◆ Data
——————————

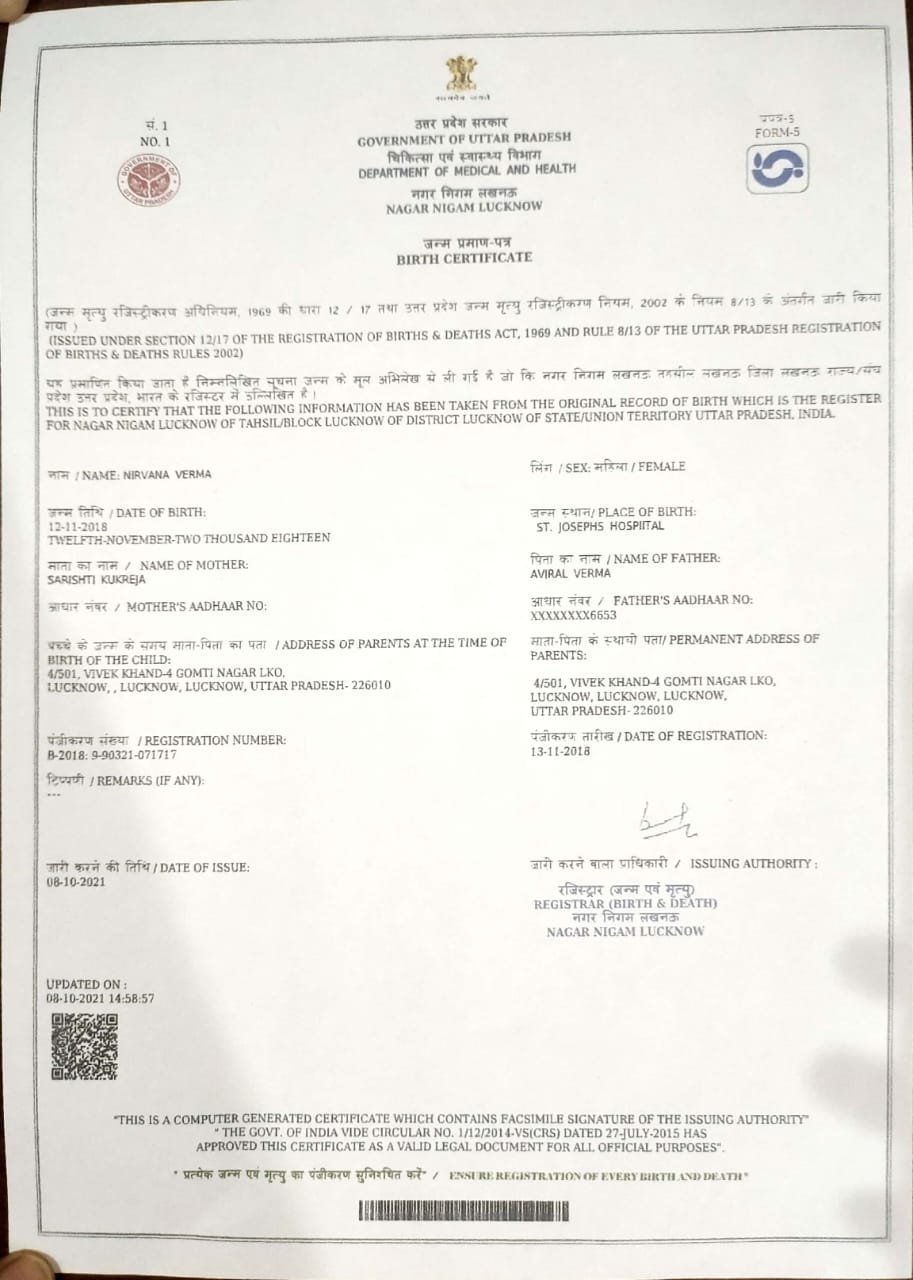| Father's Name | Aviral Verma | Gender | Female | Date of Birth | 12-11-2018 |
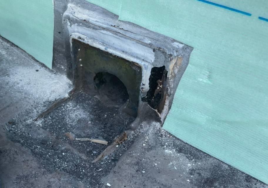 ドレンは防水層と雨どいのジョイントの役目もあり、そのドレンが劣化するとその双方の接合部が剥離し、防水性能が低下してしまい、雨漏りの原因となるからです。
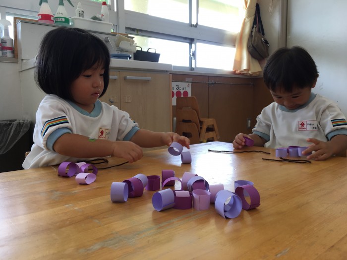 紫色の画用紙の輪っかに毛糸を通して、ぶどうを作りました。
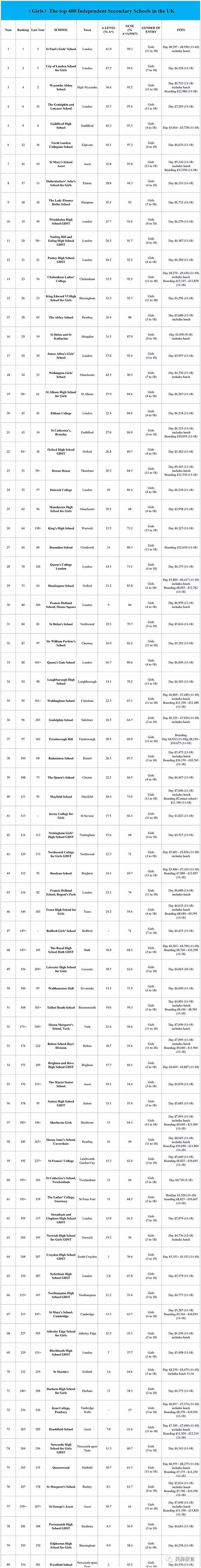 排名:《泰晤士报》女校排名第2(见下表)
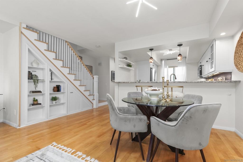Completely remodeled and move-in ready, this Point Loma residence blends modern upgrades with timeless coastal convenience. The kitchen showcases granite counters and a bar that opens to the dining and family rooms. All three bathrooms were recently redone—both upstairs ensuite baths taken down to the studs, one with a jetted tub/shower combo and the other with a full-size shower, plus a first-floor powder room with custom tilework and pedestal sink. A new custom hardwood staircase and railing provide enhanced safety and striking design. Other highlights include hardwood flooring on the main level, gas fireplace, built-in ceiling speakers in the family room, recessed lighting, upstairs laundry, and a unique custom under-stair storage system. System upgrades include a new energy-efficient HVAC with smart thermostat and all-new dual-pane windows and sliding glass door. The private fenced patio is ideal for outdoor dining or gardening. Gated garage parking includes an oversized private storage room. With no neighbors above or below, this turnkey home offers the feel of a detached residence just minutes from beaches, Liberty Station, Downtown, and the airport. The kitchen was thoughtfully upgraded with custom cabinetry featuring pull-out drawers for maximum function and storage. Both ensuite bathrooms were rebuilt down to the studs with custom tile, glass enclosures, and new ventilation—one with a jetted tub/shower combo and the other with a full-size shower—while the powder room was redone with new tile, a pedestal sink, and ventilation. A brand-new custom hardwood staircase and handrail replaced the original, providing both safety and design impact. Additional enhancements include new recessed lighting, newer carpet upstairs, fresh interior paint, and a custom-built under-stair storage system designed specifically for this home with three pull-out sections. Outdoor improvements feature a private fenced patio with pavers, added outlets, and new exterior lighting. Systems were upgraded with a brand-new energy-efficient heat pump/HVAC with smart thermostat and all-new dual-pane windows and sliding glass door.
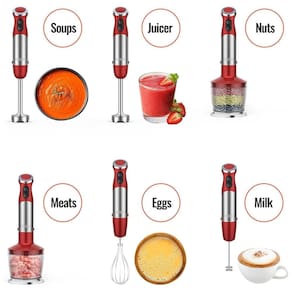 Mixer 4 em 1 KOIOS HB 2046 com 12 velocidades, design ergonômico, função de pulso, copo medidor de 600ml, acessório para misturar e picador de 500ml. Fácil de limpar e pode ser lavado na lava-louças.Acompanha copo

——————————

◆ Your assignment
An exact restatement of the entries above is needed; no picture may appear in it.

◆ Solution for this exercise
| Father's Name | Aviral Verma | Gender | Female | Date of Birth | 12-11-2018 |
 ドレンは防水層と雨どいのジョイントの役目もあり、そのドレンが劣化するとその双方の接合部が剥離し、防水性能が低下してしまい、雨漏りの原因となるからです。
 紫色の画用紙の輪っかに毛糸を通して、ぶどうを作りました。
 排名:《泰晤士报》女校排名第2(见下表)
Completely remodeled and move-in ready, this Point Loma residence blends modern upgrades with timeless coastal convenience. The kitchen showcases granite counters and a bar that opens to the dining and family rooms. All three bathrooms were recently redone—both upstairs ensuite baths taken down to the studs, one with a jetted tub/shower combo and the other with a full-size shower, plus a first-floor powder room with custom tilework and pedestal sink. A new custom hardwood staircase and railing provide enhanced safety and striking design. Other highlights include hardwood flooring on the main level, gas fireplace, built-in ceiling speakers in the family room, recessed lighting, upstairs laundry, and a unique custom under-stair storage system. System upgrades include a new energy-efficient HVAC with smart thermostat and all-new dual-pane windows and sliding glass door. The private fenced patio is ideal for outdoor dining or gardening. Gated garage parking includes an oversized private storage room. With no neighbors above or below, this turnkey home offers the feel of a detached residence just minutes from beaches, Liberty Station, Downtown, and the airport. The kitchen was thoughtfully upgraded with custom cabinetry featuring pull-out drawers for maximum function and storage. Both ensuite bathrooms were rebuilt down to the studs with custom tile, glass enclosures, and new ventilation—one with a jetted tub/shower combo and the other with a full-size shower—while the powder room was redone with new tile, a pedestal sink, and ventilation. A brand-new custom hardwood staircase and handrail replaced the original, providing both safety and design impact. Additional enhancements include new recessed lighting, newer carpet upstairs, fresh interior paint, and a custom-built under-stair storage system designed specifically for this home with three pull-out sections. Outdoor improvements feature a private fenced patio with pavers, added outlets, and new exterior lighting. Systems were upgraded with a brand-new energy-efficient heat pump/HVAC with smart thermostat and all-new dual-pane windows and sliding glass door.
 Mixer 4 em 1 KOIOS HB 2046 com 12 velocidades, design ergonômico, função de pulso, copo medidor de 600ml, acessório para misturar e picador de 500ml. Fácil de limpar e pode ser lavado na lava-louças.Acompanha copo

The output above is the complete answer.